13 of 104 comments (clear)

  1. No general rule... by Incongruity · · Score: 3, Insightful
    Is it a terrible idea? Might be. Might not be.

    There are a whole bunch of questions that you should at least ask, even if you don't find answers to them all...before you even ask if it would be a good idea to take a year off before college, ask yourself if you really want to go to college (and as a part of that, maybe ask yourself why you should and why you shouldn't)

    If the answer to that first question was a 'no', then you've got a whole bunch of other issues to deal with...

    If the answer is a resounding 'yes' then ask yourself why you want to take the year off...and, are you the type of person that will really go after a year out of formalized education?

    If it's "I'm not sure" then your choice is even more difficult. Going to college right away might be exactly what you need to figure out what you want to do...on the other hand, if you're not ready to go to college, then pushing yourself into it might do you more harm than good...

    In the end, what *really* matters is that your heart needs to be into whatever course you take. If it's not, you wont do a good job, whatever it is you're trying to do. Will it make it more difficult to get into the school you want? Well, that depends on what you do with the time off. If you waste it, then it won't *help* you at all (best case). If you do something interesting, or can paint what you did in an interesting way, then it might help. Note, many schools will allow you to defer admission by a year, so you could apply now and get in (if you're worried) and then take a year. But like I said, whatever you do, make sure your heart's in it.

  2. Re:Don't take a year off now. by Incongruity · · Score: 5, Insightful
    everybody starting from your future college to your employer will question about the gap in your education.

    Why is that a problem? If one can answer that question well, it will distinguish them from their peers. Don't be a sheeple. If you can (reasonably) explain and justify what you do, then it's probably a good idea, even if it is the lesser followed path...note though, that one may go with the group while not following the group...so if it makes sense to go the same course as many others, do it...if your sense of things tells you to do something different than most, do it. If you simply fear the questioning that will come from not doing something different from the norm, then you're not doing the right thing for you.

  3. Do what You think is Best for You by Raiford · · Score: 3, Insightful
    If you are committed to going to college but you want to take a year off from schooling before starting then that is what is best for you. Don't worry about forgetting any thing you learned in high school: you won't forget what you need and you won't need much of what you learned. I teach at the college level and this is my best advice to you. College is pretty much like starting all over again and learning it the right way.

    It is better to take the year off before you start than after you start also. Once you start that begins a new thread. My only caution to you is that if you do take a year off, use it to have some fun. Travel, make friends and use your freedom. Don't start working during this time if you can help it. Many times it is harder to quit a job to go back to school once you get lured into making some money.

    --
    "player 4 hit player 1 with 0 stroms"
  4. Probably not a good idea by ctr2sprt · · Score: 5, Insightful
    I didn't take a year off, but I knew many people who did. They, and I, recommend against it. There's nothing wrong with it; you won't die or get rejected from everywhere. I don't think you'll even be less likely to get into a school, provided you can provide a better reason for taking a year off than "I didn't feel like going to college." If you do internships or other meaningful work, your chances of getting into a good school may improve.

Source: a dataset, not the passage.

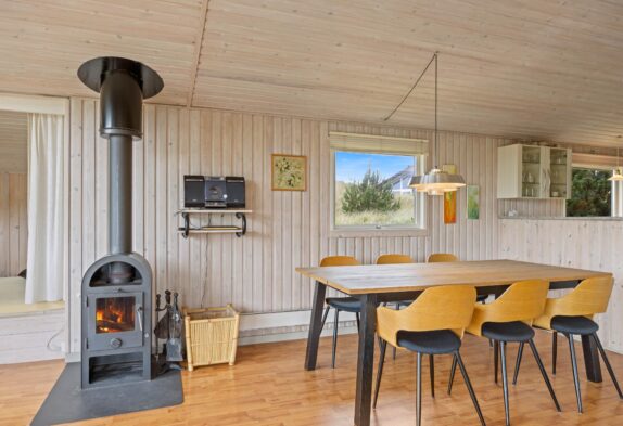 Sommerhuset kommer med flere hyggekroge inde såvel som ude. I køkkenalrummet finder I en hyggelig alkove, hvor det er oplagt at børnene bygger hele, eller I måske snupper jer en morfor – Det er jo ferie! I kan med fordel også vælge at tænde op I husets brændeovn, og bare stille og roligt mærke al den varme og hygge som den kan sprede.
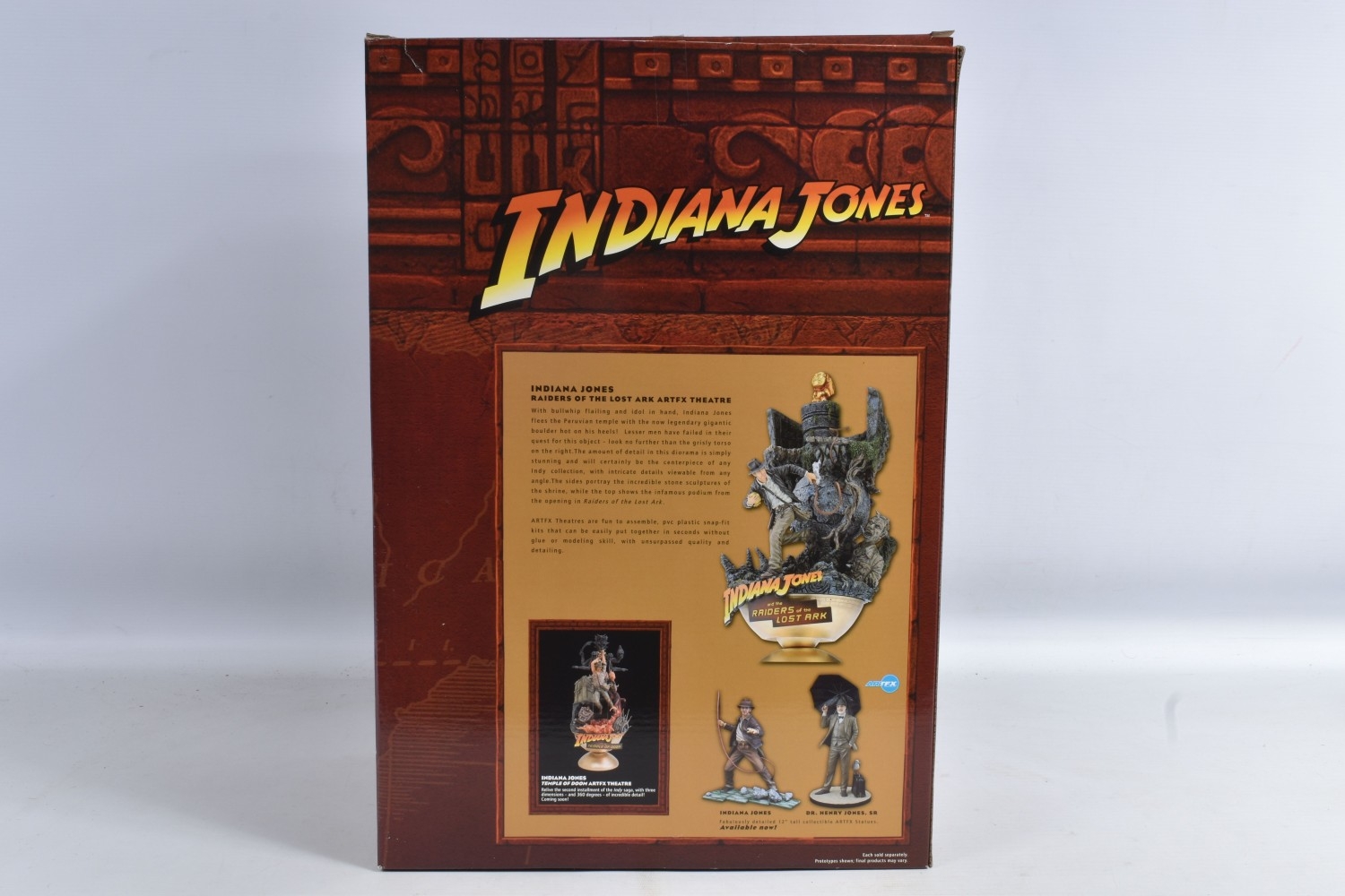 A BOXED 2008 KOTOBUKIYA SNAP FIT INDIANA JONES RAIDERS OF THE LOST ARK DISPLAYED ARTFX THEATRE, appears to have never been displayed, box has been opened, includes internal packaging and outer cardboard box which is a great condition

    But the real problem is making yourself limit it to just one year. Trust me, I've known too many people who meant to take off a year and then never went to college. Some of them will still be in their mid-20s, so they may go yet, but... frankly, if you're 25 and haven't gone to college, the odds are very much against ever going. And if you do go, you're going to be older than most of the seniors. That may not affect your social life, if you're outgoing and make friends easily. But if you're a little shy already, being older than everyone else may serve to make you feel even more different.

    My other problem with taking a year off is that people usually do it for really bad reasons. I can't tell you how many people I've known who wanted to take a year off because they didn't know what they wanted to do. Guess what? Nobody knows what he wants to do at 18. (Well, some people do, but they're definitely the minority.) Even at college, this is true. Most people end up at college because they don't know what they want to do. It's another four years for you to try to figure it out. At most schools, you don't need to declare your major until your sophomore or junior year, and at mine, you could change your major at any time (provided it would still be possible for you to get enough credits in 5 years total).

    Really, the only people I know who've been happy about taking time off from - and generally not going to - college are those who already know what they want to do. People who are going to work in the family business, start their own, things like that. Everyone else, without exception, has spoken to me of regretting taking the time off. "Man, I wish I'd gone to college... now I'm stuck in this dead-end job that I hate, and I've got too many bills to pay to quit and go to college."

    Of course, your mileage may vary, but you should think long and hard about why you are taking time off.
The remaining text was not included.